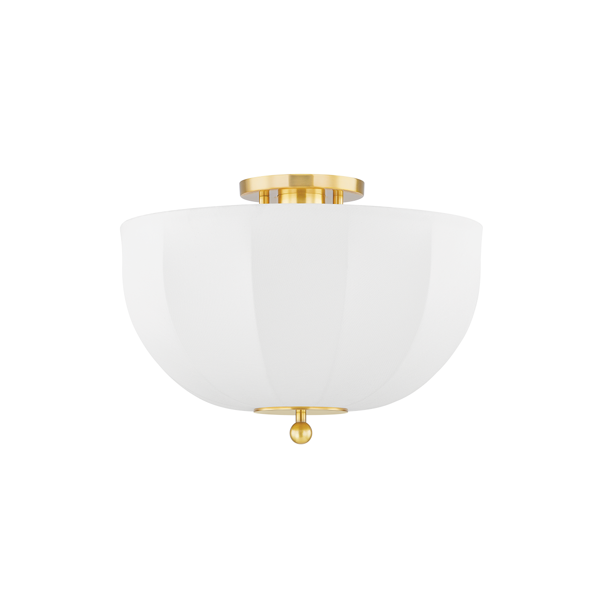 Inspired by mid-century Danish design, the Maggie light boasts a charming umbrella shape that allows light to flow through the shade and softly glow around it. Aged Brass accents on the finials add a sophisticated touch to this functional fixture.
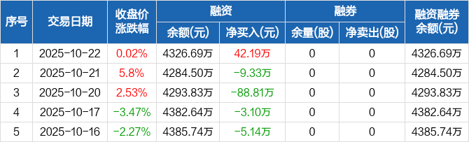 云涌科技:融资净买入42.19万元,融资余额4326.69万元(10-22)
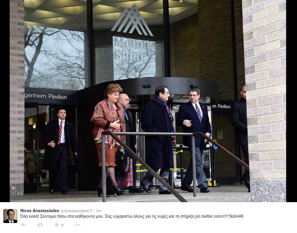 Ηδη ο πρόεδρος της Κυπριακής Δημοκρατίας ανέβασε μια φωτογραφία στο λογαριασμό του στο Twitter από τη στιγμή που εξέρχεται του νοσοκομείου γράφοντας τα εξής: «Ολα καλά! Σύντομα πίσω στα καθήκοντα μου. Σας ευχαριστώ όλους για τις ευχές και τη στήριξη».
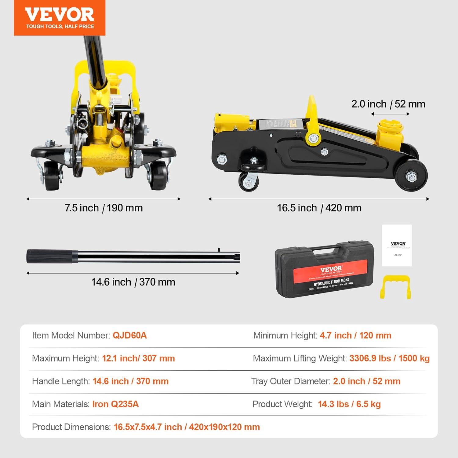 Jack it Up: With 2.5 tons/5500 lbs strong loading capacity, VEVOR's floor jack can help you raise your car for whatever reason. Replace a tire, change oil or maintain the brake, whether you are a professional, car enthusiast, or weekend DIYer to take matters into your own hands!
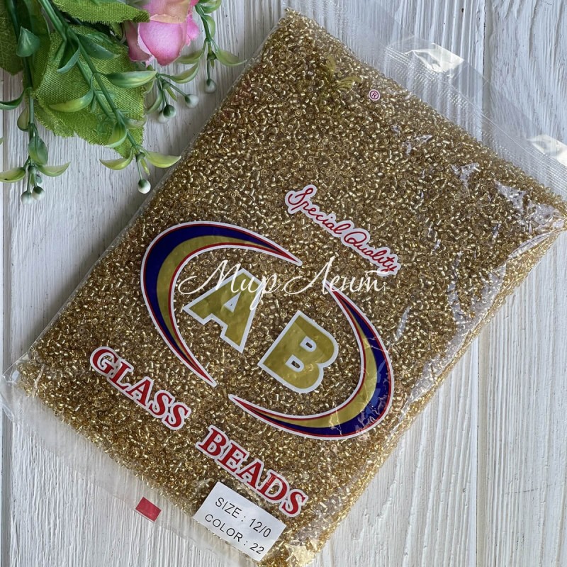 Бисер прозрачный, размер 12/0, золото (22), упаковка 400 г

····················

**Work instruction:** Print the records above word for word, omitting any picture they contain.

**Answer to this task:**
 Inspired by mid-century Danish design, the Maggie light boasts a charming umbrella shape that allows light to flow through the shade and softly glow around it. Aged Brass accents on the finials add a sophisticated touch to this functional fixture.
 云涌科技:融资净买入42.19万元,融资余额4326.69万元(10-22)
 Ηδη ο πρόεδρος της Κυπριακής Δημοκρατίας ανέβασε μια φωτογραφία στο λογαριασμό του στο Twitter από τη στιγμή που εξέρχεται του νοσοκομείου γράφοντας τα εξής: «Ολα καλά! Σύντομα πίσω στα καθήκοντα μου. Σας ευχαριστώ όλους για τις ευχές και τη στήριξη».
 Jack it Up: With 2.5 tons/5500 lbs strong loading capacity, VEVOR's floor jack can help you raise your car for whatever reason. Replace a tire, change oil or maintain the brake, whether you are a professional, car enthusiast, or weekend DIYer to take matters into your own hands!
 Бисер прозрачный, размер 12/0, золото (22), упаковка 400 г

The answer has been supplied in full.